Quem brinca com fogo se queima adverte sobre o perigo que o fogo representa e,
simbolicamente, mostra que todo aquele que se aproxima do perigo está sujeito a algum tipo de
risco. No contexto da música, brincar com fogo continua representando um risco, porém,
necessário. As pessoas devem se queimar, devem se expor ao perigo que representa o combate à
ditadura.
Faça o que eu digo, mas não faça o que eu faço revela que as pessoas dão conselhos que as
próprias não seguem. Ao contrário, Chico Buarque ordena que se faça o que ele faz, que todos se
exponham ao perigo e lutem juntos pela reconquista da liberdade. Ele critica as atitudes dos
militares e exige do povo esta consciência crítica da situação vigente.
Pense duas vezes antes de agir ensina que se deve ter cautela antes de executar uma tarefa;
que tudo deve ser bem planejado para evitar danos maiores. Em Aja duas vezes antes de pensar,
com a simples inversão da posição dos verbos pensar e agir na frase, incita as pessoas a agirem
mais. Com isto, o autor mostra que é preciso abandonar as atitudes de passividade e cautela. Não se
pode pensar muito nas conseqüências. Fica claro que não agir constitui um perigo maior. Se as
pessoas não reverterem a situação, as conseqüências serão bem mais danosas.

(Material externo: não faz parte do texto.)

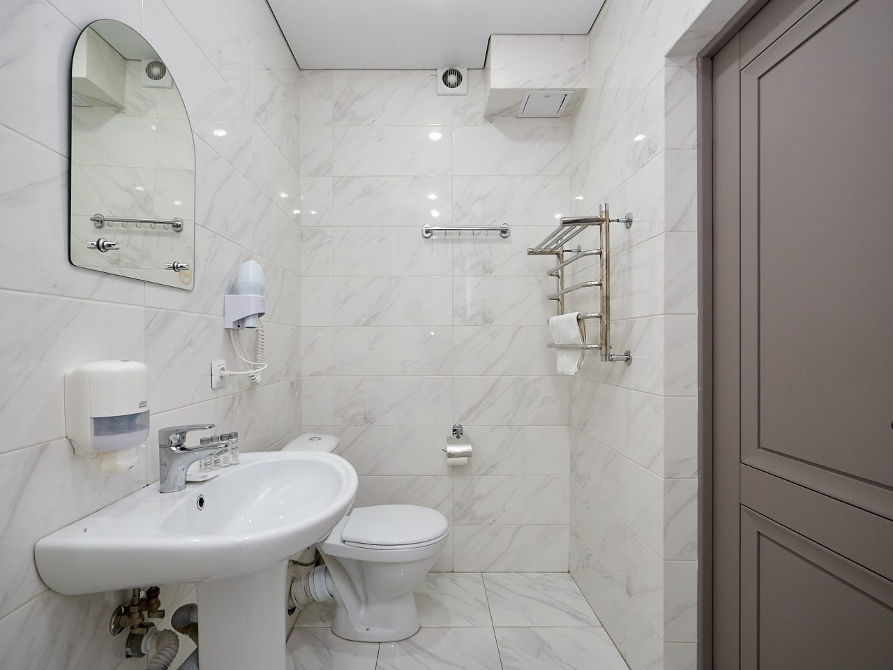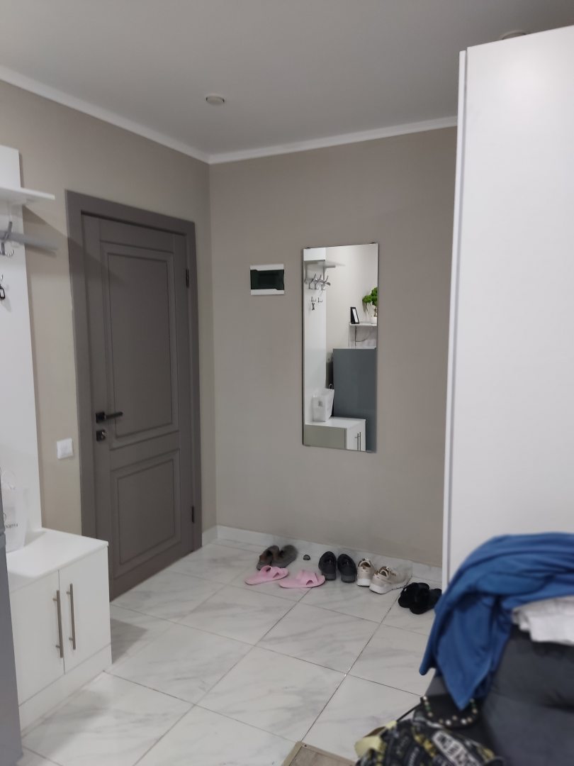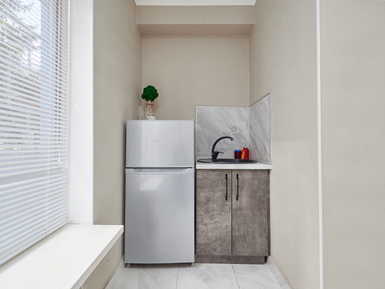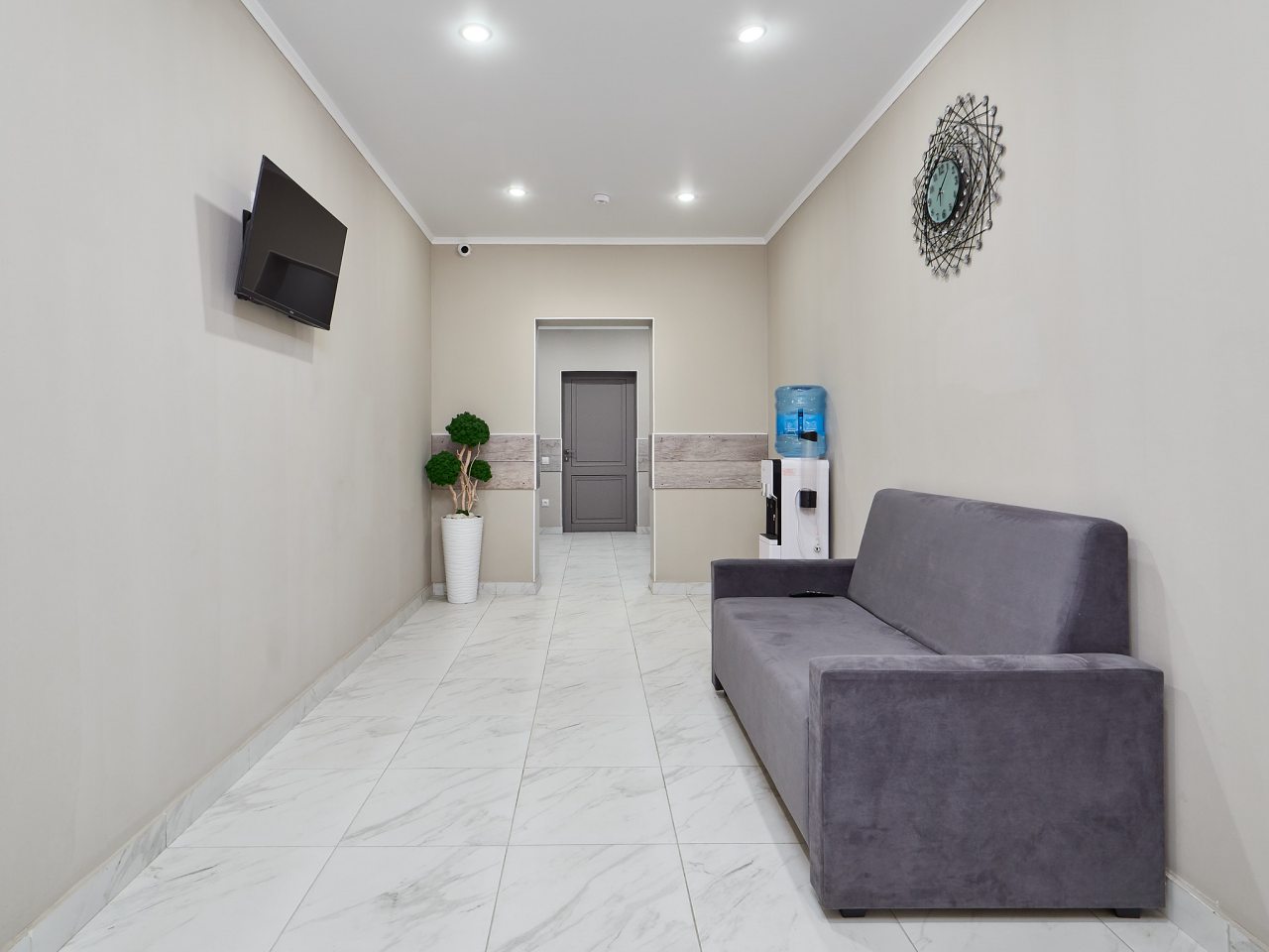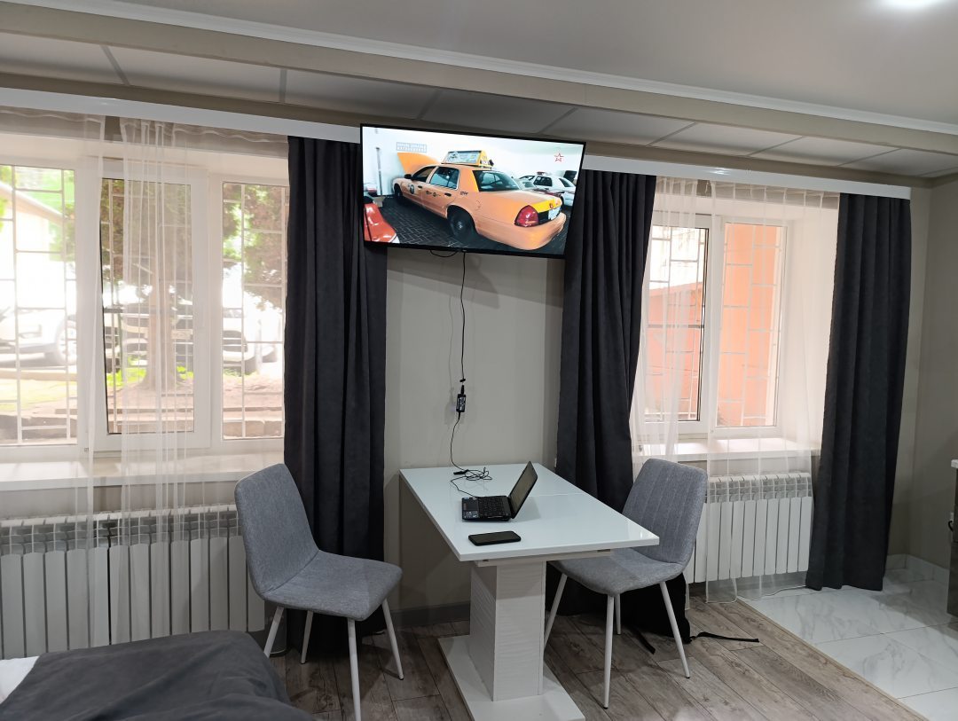 Современный стильный интерьер, чисто, есть всё необходимое. Кондиционер, тв, большая кровать, диван, кухня в номере, ванная комната. Расположение в тихом районе, шторы блэкаут, спать ничего не мешает.
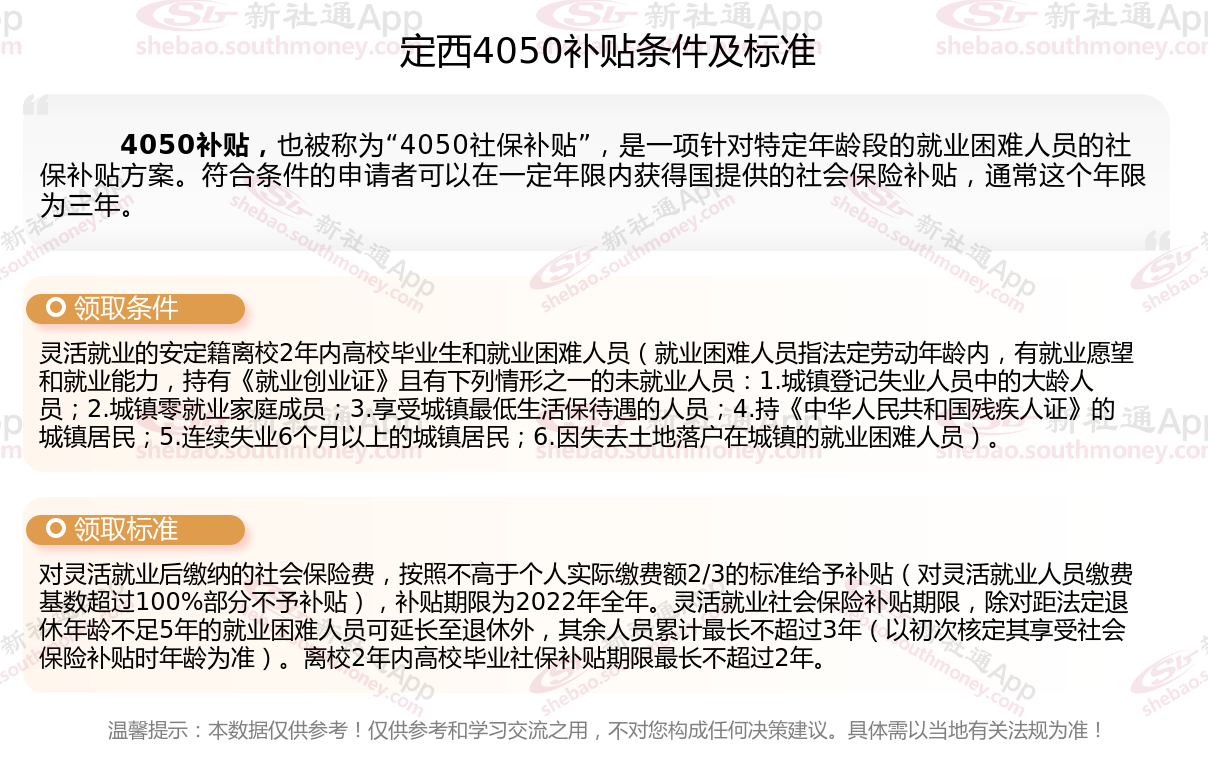 二、2025年定西4050社保补贴标准是多少?条件是什么?
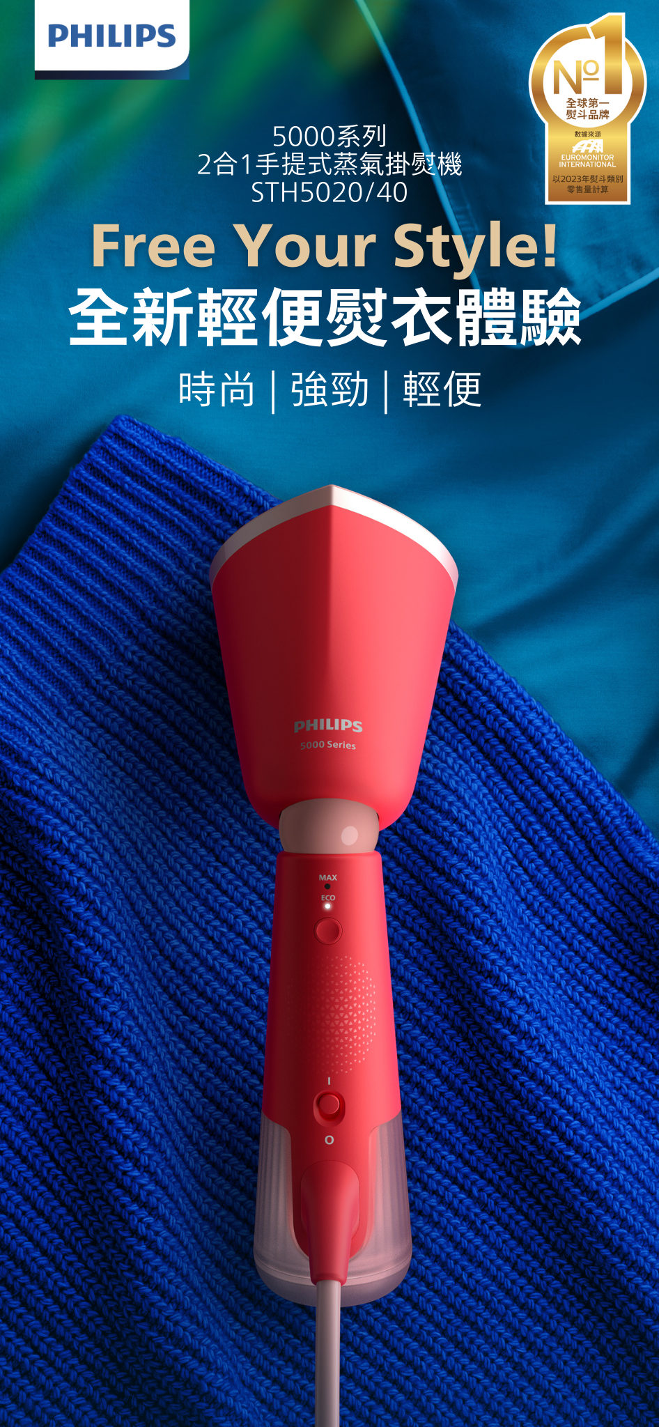 • 垂直掛熨及水平熨燙2合1,毋須使用熨衣板
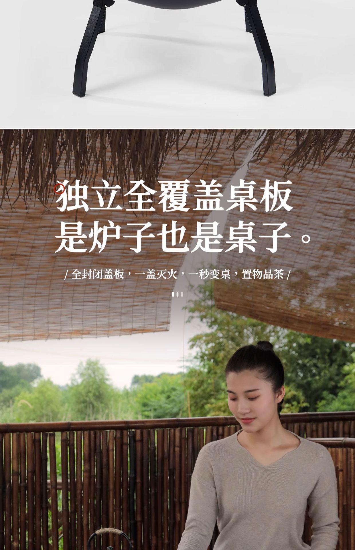 • 두꺼운 접이식 스토브 + 그릴 커버 + 1.2L 주철 주전자 + 강철 숯 3kg개(6개 세트 + 알코올 블록 + 숯 클립 포함)
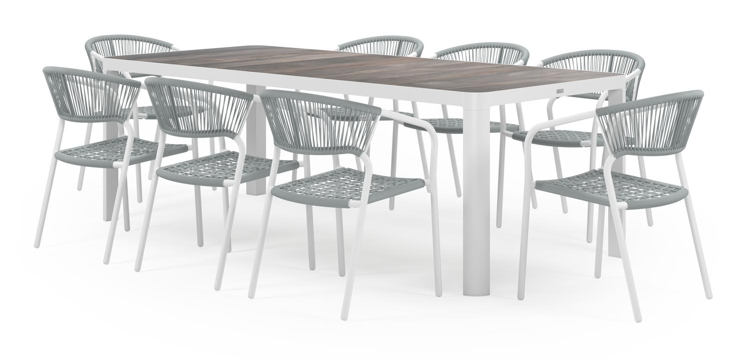 De Ellara tuinset in wit aluminium en grijs keramische tegels tafelblad met 8 stapelbare Vigo tuinstoelen is van het merk Vinci en is hier verkrijgbaar in de kleur grijs/wit.

Quem semeia vento colhe tempestade mostra o seu envolvimento com essa causa e a sua
capacidade de absorver os riscos resultantes de sua ação em nome de um ideal maior. O
envolvimento foi tanto que o autor chegou a ser exilado.
De acordo com Šklovsky (1916), os recursos da arte possuem uma função central de “causar
estranhamento” (ostranenie), produzindo uma renovação da percepção contra o pano de fundo do processo de
automatização pelo qual nós nos acostumamos a ações e percepções cotidianas. (Apud NÖTH, 1996)
Chico Buarque conseguiu driblar a censura à sua música, usando provérbios conhecidos. No entanto,
não deixou de expressar sua tentativa de mostrar ao povo a necessidade de sua participação na retomada do
poder. Ele apenas mudou algumas palavras, usou outras como metáforas verbais, transformando o texto
conhecido, cristalizado pelo uso, em um texto novo, permitindo uma nova concepção naquilo que está sendo
dito.
Referências bibliográficas
ECO, Umberto (1980). Tratado geral de semiótica. Trad.: Antonio de Pádua Danesi e Gilson César C. de
Faria - São Paulo: Perspectiva.
NÖTH, Winfried (1995) Handbook of Semiotics. Bloomington and Indianapolis: Indiana University Press.